My mother went out of the room. We could hear her talking, or crying, with Magda in the kitchen.

The girl said to my father 'Don't you care?'

My father raised his eyebrows; gazed at a corner of the ceiling.

The young man said 'In my opinion, the scientific reality is that there is this repression of the masses.'

My father said 'I see.'

After a time the girl said 'Excuse me, I will go and see if your wife is all right.' She left the room.

We sat at the table and drank our soup - my father, the young man with pince-nez and myself. I thought - Oh yes, our various visions, like arrows, are going out and coming crashing round on to the backs of our own heads.

Then - But it is true that my mother must have had difficulty in getting the materials for the soup?

After a time the young man said 'But the masses have the real power according to the iron laws of history.'

My father said 'Then for God's sake join them.'

The young man stood up and bowed, and went out - presumably to join my mother and the girl and Helga and Magda in the kitchen.

I thought - So now, yes, my father and I are alone in our airship.

My father sat staring at a corner of the ceiling. I thought - But it is all right, it is all right, even if there are things one does not understand and cannot say: is not this what you have taught me?

Eventually a bed was made for the young man in the drawing-room; the girl was to sleep on the floor of my room.

Sometime during the night people did in fact come knocking at the door of our apartment; I heard my father going to answer the door; he was calm, authoritative; after a time the people who had knocked went away. What my father had said was that there was no one in the apartment except his family and servants; he could give his assurance on this point on the authority of his position at the university. I was in my bed with the girl beside me on a mattress on the floor. I was thinking - Well what does one understand? What is truth? What is authority? What is caring for others, in this lonely business of our airship?

It was a day or two after this, I think, that the revolution of the left-wing extremists that had been simmering came to the boil in Berlin:

this was the second week in January 1919. The eruption of the left wing brought out the right-wing extremists; there were gangs in caps and thick dark suits running through the streets; gangs in makeshift uniforms clanking about in lorries. I saw comparatively little of this; for a week I was not allowed out of the apartment. I would stand at the window and look down. What I understood vaguely at the time and in more detail later was that the left-wing extremists, or Spartacists as they were called, had emerged with rifles and machine-guns; had attacked, and taken over, three or four newspaper offices (this might have seemed apt to my childish vision, since I saw their business as being to do with the banging about of bits of paper). There was sporadic shooting, a few hundred deaths, a failure in storming government buildings. Railway stations and the Telegraph Office were occupied: but all this was being done not so much by the workers as by people who had said that it should be being done by the workers - in accordance with the iron laws of history. Workers for the most part stayed at home.
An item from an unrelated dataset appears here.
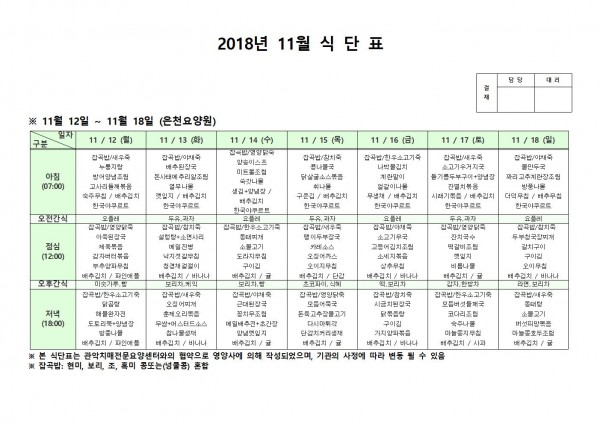 11월 2주째 식단표 페이지 정보 작성자 은천노인복지회 작성일18-12-07 09:37 조회199,428회 댓글0건 관련링크 이전글 다음글 목록 답변 본문 11월 2주째 식단표 이전글 다음글 목록 답변
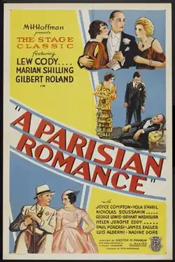 A Parisian Romance is a 1932 American drama film directed by Chester M. Franklin and starring Lew Cody, Marion Shilling and Gilbert Roland.[1] It is based on the play of the same title by Octave Feuillet, which had previously been made into a 1916 silent film.

And the right-wing gangs took time off from their clattering in lorries to retire to cellars and drink beer - and to wait for the time perhaps when they could re-emerge and deal with the left-wing extremists who in the end would have to emerge from the newspaper offices without even having had any beer.

I would sometimes hear the sound of firing in the streets; sometimes see the lorries going past with the men hanging on like the claws of crabs. Once there was a column of people with banners going past and they were shouting 'Out! Out!': later there was a column with banners containing slogans of the other side going past and they were shouting 'Out!' I would think - But where are the people dying in the streets? Or are they being kept like a score, as in a game of cards.

My father stayed in the apartment for a few days; then he was needed at the university. The young man and the girl had moved on to another hiding-place. Some of my mother's friends would come to the door now and then and there would be whispered consultations in the hallway; they would sit for a short while on the chair on which Rosa Luxemburg had sat. I thought - They are like tops that have been whipped up by Rosa Luxemburg, and are now running down.

Once a day Magda or Helga or my mother would go out to try to get food; they would have to queue in streets where there was the sound of firing. When they came back they would rest in the

chair in the hallway, and we would gather round: I thought -Perhaps tops are kept spinning by the sound of firing.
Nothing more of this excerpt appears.